Bernard Cazeneuve a annoncé mardi des effectifs supplémentaires de police à Corbeil-Essonnes, où trois bâtiments municipaux, dont deux écoles, ont été incendiés en deux semaines.

Face à des « acte graves de délinquance », le ministre de l’Intérieur a annoncé lors des questions au gouvernement à l’Assemblée une brigade de CRS « supplémentaire sur la ville de Corbeil », ainsi que « des moyens supplémentaires de police judiciaire, en adjoignant des effectifs de la direction régionale de police judiciaire de Versailles ».
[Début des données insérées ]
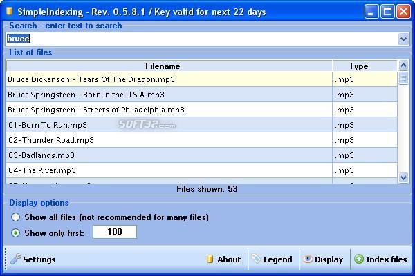 Your mp3 collection is too big to search over and over looking for your favorite song? Have tons of unorganized downloads, music or documents? Why not index your files so you could know exactly where your files are. SimpleIndexing will happily do that for you. SimpleIndexing is your small program for managing files. Easy to use, very user-friendly and simple. It supports drag/drop so you can copy/move/enqueue files directly from SimpleIndexing to any other program supporting drag/drop like winamp or your favorite video player. Similar Software
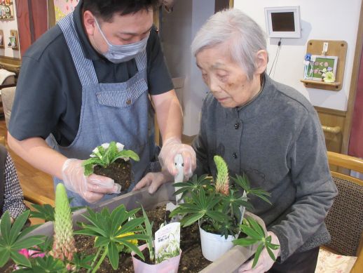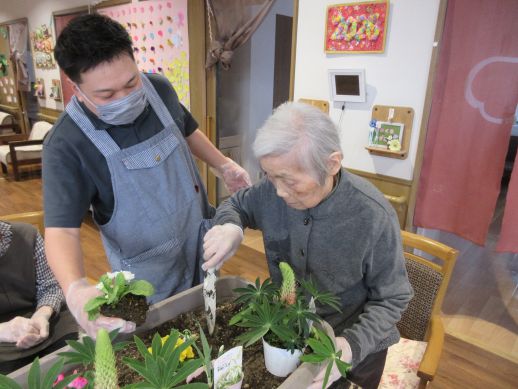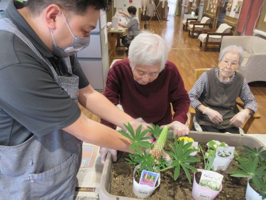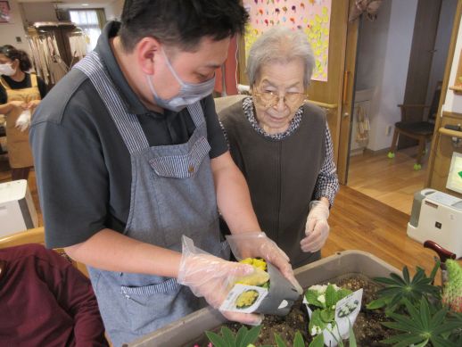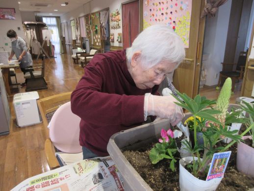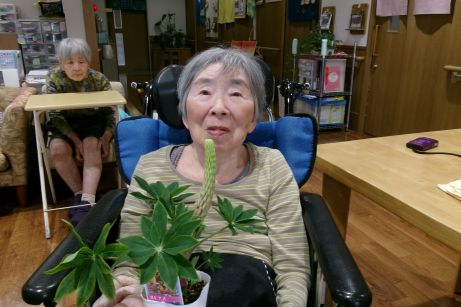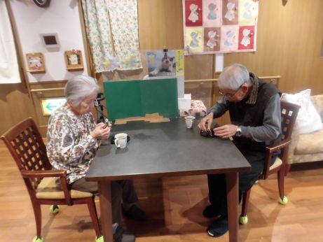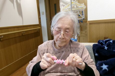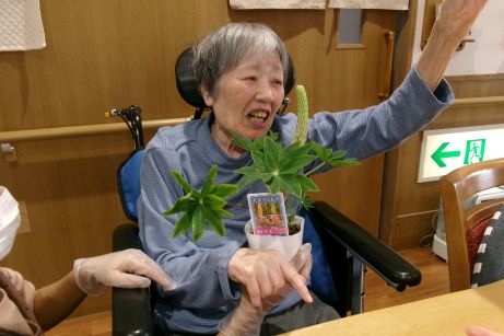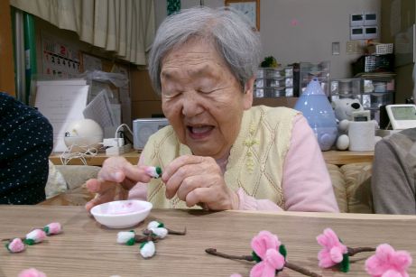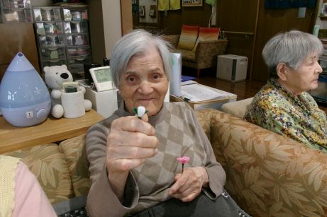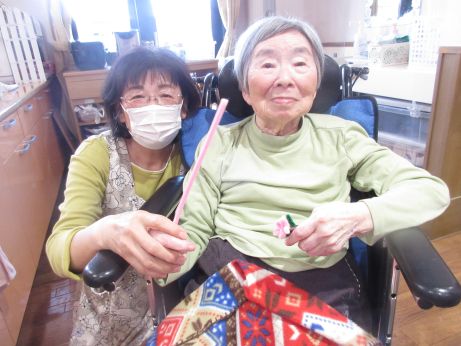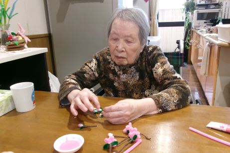 ひねったら出来上がり~。皆さん楽しそうです♪原木に花びらを飾るのが難しかったようですが一足早く満開の桜を観ることができユニット内は春爛漫♪
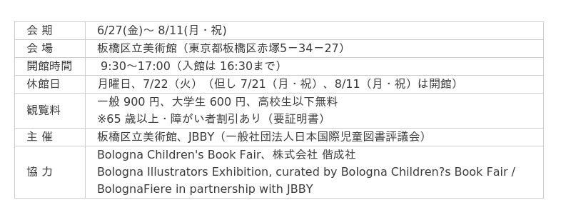 イタリアのボローニャで毎年開催される「ボローニャ国際絵本原画展(Illustrators Exhibition)(※)」の最新の全入選作品を一堂に集めた展覧会を開催します。世界中の多彩なテーマや表現・技法からなる作品をお楽しみいただけます。
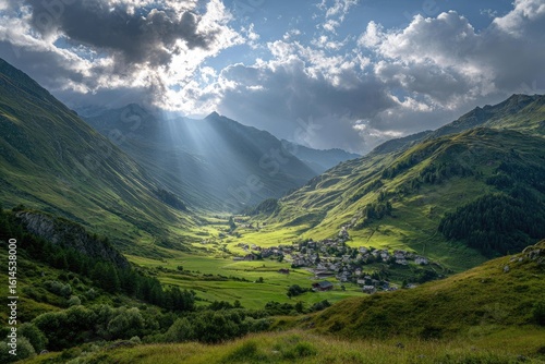 Sunbeams pierce clouds illuminating a verdant valley village nestled in mountains
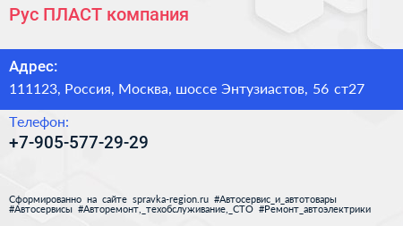 Рус ПЛАСТ, компания по адресу 111123, Россия, Москва, шоссе Энтузиастов, 56 ст27 в дальнейшем Организация, размещена в следующих категориях:
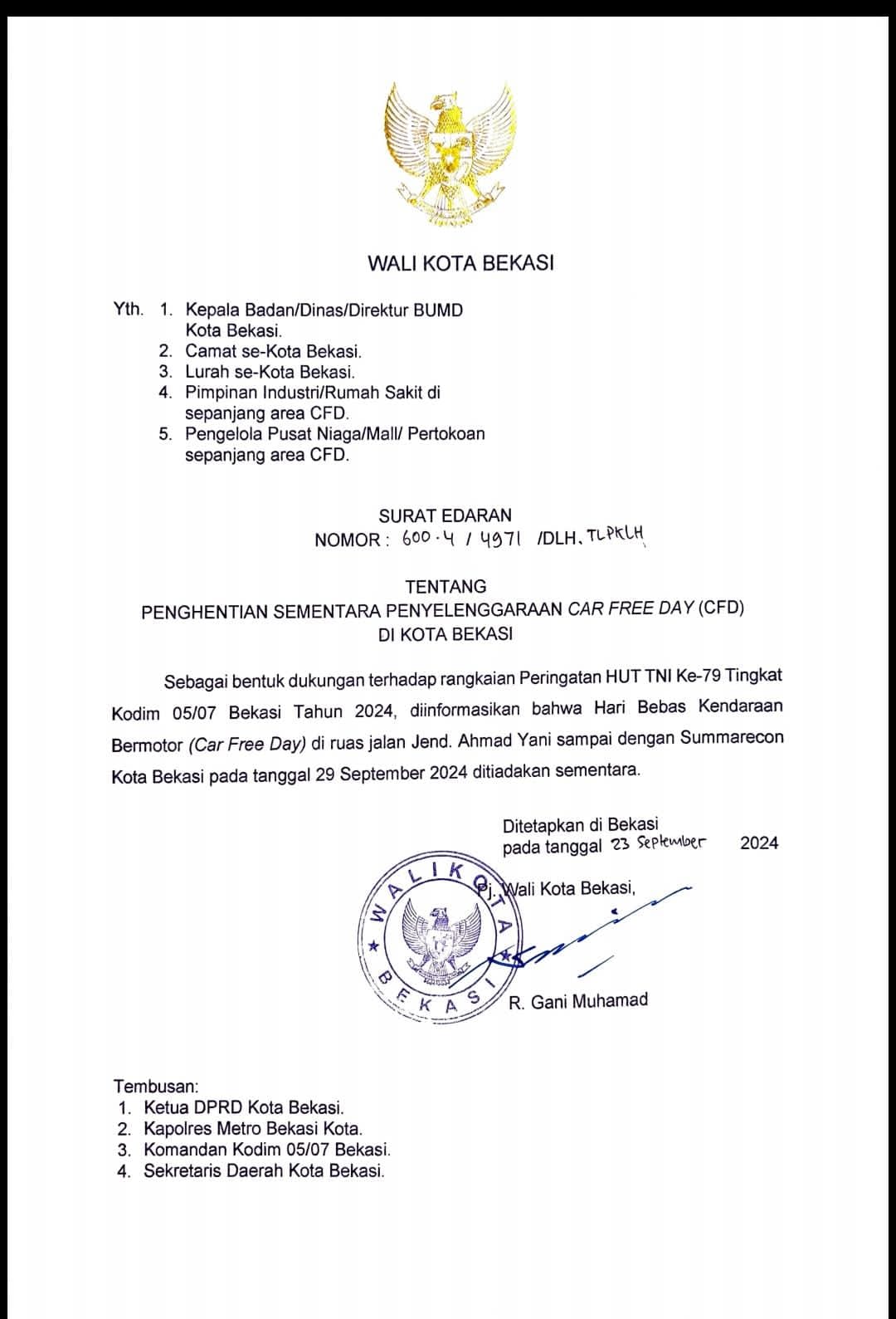 Pemberitahuan diliburkannya CFD disampaikan melalui Surat Edaran Wali Kota Bekasi nomor : 600.4/4971/DLH.TLPKLH tentang penghentian sementara penyelenggaran Car Free Day (CFD) di Kota Bekasi.
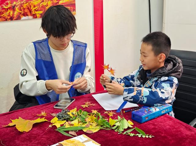 实践体验环节中,志愿者们带领小朋友触摸植物叶片与枝干,指导大家通过叶片形状、叶脉纹路、花朵形态等特征辨别植物种类,鼓励孩子们相互交流观察心得与甄别技巧,在亲身体验中深化知识记忆。随后的书签制作环节,志愿者们耐心指导小朋友运用落叶、字典、透明胶带等工具,将形态各异的落叶塑封成独特的自然书签。小朋友们充分发挥想象力与创造力,精心搭配叶片、设计造型,在动手实践中感受自然之美,同时将自然探索与阅读乐趣巧妙融合。活动尾声,全体参与人员合影留念,镜头定格下孩子们手持自制书签、洋溢着自豪与喜悦的笑脸。
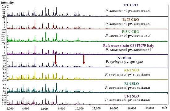 The MALDI–TOF spectra derived from three Croatian Pss strains isolated from olive varieties Leccino (17L), Frantoio (B19F) and Nocciara (P15N) and Pss Slovenian strains isolated from knots on varieties Arbequina (A1-1), Frantoio (F3-4) and Leccino (L1-1) were selected for analysis due to variabilities in the LOPAT scheme test results for these strains (Figure S3). These strains were homogeneous and clearly identified as Pss by the Bruker software, even though the protein profile of P. syringae pv. syringae—the closest genetic relative—was very similar. Typical spectra of some local Pss isolates, along with spectra originating from the Pss reference strain and from P. syringae pv. syringae, are shown in Figure 1, revealing the uniformity of Pss strains and their close resemblance to the P. syringae pv. syringae spectrum. Two small protein peaks—corresponding to approximately 7500–8000 m/z, and between 10,000 to 11,000 m/z—in Pss isolate samples were lacking in the P. syringae pv. syringae strain spectra.

Promettant « une présence constante » dans le quartier où ces actes se sont produits, il a annoncé aussi « une mobilisation totale des effectifs de la circonscription de sécurité publique et en y adjoignant des effectifs du département ».

« A travers les moyens que nous mobilisons, nous sommes déterminés à démanteler cette poignée d’individus qui constituent une filière organisée du crime », a affirmé le ministre, qui répondait à une question du député socialiste et conseiller général de Corbeil-Essonnes Carlos Da Silva.

Mardi matin, en déplacement à Corbeil-Essonnes au côté de la ministre de l’Education nationale Najat Vallaud-Belkacem, Bernard Cazeneuve avait dit la « détermination » du gouvernement « à faire en sorte que le droit passe ».

Qualifiant l’incendie récent d’un école d’événement « grave », Mme Vallaud-Belkacem a évoqué « une violence physique et symbolique inouïe » destinée « à terroriser la population ».

Trois équipements municipaux ont été incendiés en deux semaines à Corbeil-Essonnes par des voitures-bélier en flammes: une école et une médiathèque du quartier sensible des Tarterêts, dans la nuit du 5 au 6 octobre, et une nouvelle école dans la nuit de dimanche à lundi.

Une partie de la population s’interroge sur l’éventualité d’un lien entre ces incendies et la mise en examen en janvier du maire UMP Jean-Pierre Bechter, dans une enquête sur des soupçons d’achats de vote.

Plusieurs enquêtes en lien avec la mairie, dirigée de 1995 à 2009 par l’avionneur Serge Dassault, sont toujours en cours, pour racket, menaces ou tentatives d’homicide. En avril, le sénateur UMP avait été mis en examen pour « achat de votes », dans la même affaire que Jean-Pierre Bechter.

« La justice doit nous aider à en finir avec les règlements de compte » entre « gangsters », a lancé aux ministres Bruno Piriou, conseiller général Front de gauche.

« Il y a des procédures judiciaires en cours, chacun les connaît », a répondu Bernard Cazeneuve dans l’école brûlée lundi, recouverte de suie du sol au plafond. « Le problème à Corbeil-Essonnes est d’abord celui du rétablissement de l’ordre public. »

Jean-Pierre Bechter, présent lors de la visite et malmené par certains parents, a réaffirmé qu’il n’y avait « pas de dérives » dans sa ville.

Il avait dit lundi soir qu’il « ne pense pas » que ces incendies aient un lien avec sa mise en examen.

La police judiciaire de Versailles a été chargée de l’enquête.